Work to complete:
Collect from the data below each line with "Ananas".

Stored data:

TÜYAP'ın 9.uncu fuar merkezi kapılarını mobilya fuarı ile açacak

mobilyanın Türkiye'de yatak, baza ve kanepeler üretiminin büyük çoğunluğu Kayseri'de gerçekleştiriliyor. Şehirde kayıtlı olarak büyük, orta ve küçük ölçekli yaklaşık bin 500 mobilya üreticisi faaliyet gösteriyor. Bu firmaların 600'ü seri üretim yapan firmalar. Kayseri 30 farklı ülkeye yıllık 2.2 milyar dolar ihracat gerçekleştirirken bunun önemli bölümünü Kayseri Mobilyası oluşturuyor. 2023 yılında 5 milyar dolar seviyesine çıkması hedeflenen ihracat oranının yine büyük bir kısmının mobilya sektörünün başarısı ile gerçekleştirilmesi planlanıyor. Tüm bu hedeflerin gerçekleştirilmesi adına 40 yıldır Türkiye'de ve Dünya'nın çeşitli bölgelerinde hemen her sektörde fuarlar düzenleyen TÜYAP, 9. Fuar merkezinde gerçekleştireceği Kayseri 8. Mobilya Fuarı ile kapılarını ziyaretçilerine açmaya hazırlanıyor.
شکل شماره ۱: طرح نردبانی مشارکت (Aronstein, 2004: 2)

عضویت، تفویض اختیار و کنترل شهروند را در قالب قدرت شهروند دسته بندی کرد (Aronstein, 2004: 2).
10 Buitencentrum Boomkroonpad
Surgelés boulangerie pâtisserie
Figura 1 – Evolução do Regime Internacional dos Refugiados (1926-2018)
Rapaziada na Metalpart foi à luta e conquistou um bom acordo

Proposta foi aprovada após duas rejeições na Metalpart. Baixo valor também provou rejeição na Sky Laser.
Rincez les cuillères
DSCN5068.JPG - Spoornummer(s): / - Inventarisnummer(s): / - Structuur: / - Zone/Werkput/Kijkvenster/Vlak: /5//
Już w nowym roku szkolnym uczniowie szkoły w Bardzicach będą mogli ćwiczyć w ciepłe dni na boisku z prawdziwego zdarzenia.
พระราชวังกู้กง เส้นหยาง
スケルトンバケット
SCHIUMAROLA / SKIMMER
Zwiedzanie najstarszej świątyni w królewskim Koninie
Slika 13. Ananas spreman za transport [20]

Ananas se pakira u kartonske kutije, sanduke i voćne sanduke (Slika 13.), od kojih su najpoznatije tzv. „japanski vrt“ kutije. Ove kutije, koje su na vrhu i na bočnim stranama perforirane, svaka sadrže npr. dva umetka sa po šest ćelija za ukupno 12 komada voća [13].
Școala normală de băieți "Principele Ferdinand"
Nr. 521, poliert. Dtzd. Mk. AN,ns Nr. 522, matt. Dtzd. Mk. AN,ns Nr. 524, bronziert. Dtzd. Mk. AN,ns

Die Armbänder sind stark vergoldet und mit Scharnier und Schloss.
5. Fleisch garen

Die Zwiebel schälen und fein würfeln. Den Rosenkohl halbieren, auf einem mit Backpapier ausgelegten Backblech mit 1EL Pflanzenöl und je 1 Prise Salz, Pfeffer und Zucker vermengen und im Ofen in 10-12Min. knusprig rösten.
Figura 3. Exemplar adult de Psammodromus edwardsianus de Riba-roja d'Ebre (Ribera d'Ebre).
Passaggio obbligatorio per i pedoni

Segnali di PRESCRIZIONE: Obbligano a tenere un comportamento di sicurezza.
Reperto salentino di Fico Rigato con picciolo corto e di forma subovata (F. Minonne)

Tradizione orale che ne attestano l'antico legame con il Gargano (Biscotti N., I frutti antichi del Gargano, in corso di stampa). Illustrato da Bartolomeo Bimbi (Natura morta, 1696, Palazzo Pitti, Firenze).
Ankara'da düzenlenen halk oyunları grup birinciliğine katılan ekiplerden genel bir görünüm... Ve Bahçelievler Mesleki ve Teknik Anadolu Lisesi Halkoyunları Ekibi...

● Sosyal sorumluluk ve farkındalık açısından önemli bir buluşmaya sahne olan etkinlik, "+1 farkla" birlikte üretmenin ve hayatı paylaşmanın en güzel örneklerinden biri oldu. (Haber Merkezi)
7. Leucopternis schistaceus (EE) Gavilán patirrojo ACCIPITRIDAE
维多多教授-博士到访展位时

Result of the task:
Slika 13. Ananas spreman za transport [20]
Ananas se pakira u kartonske kutije, sanduke i voćne sanduke (Slika 13.), od kojih su najpoznatije tzv. „japanski vrt“ kutije. Ove kutije, koje su na vrhu i na bočnim stranama perforirane, svaka sadrže npr. dva umetka sa po šest ćelija za ukupno 12 komada voća [13].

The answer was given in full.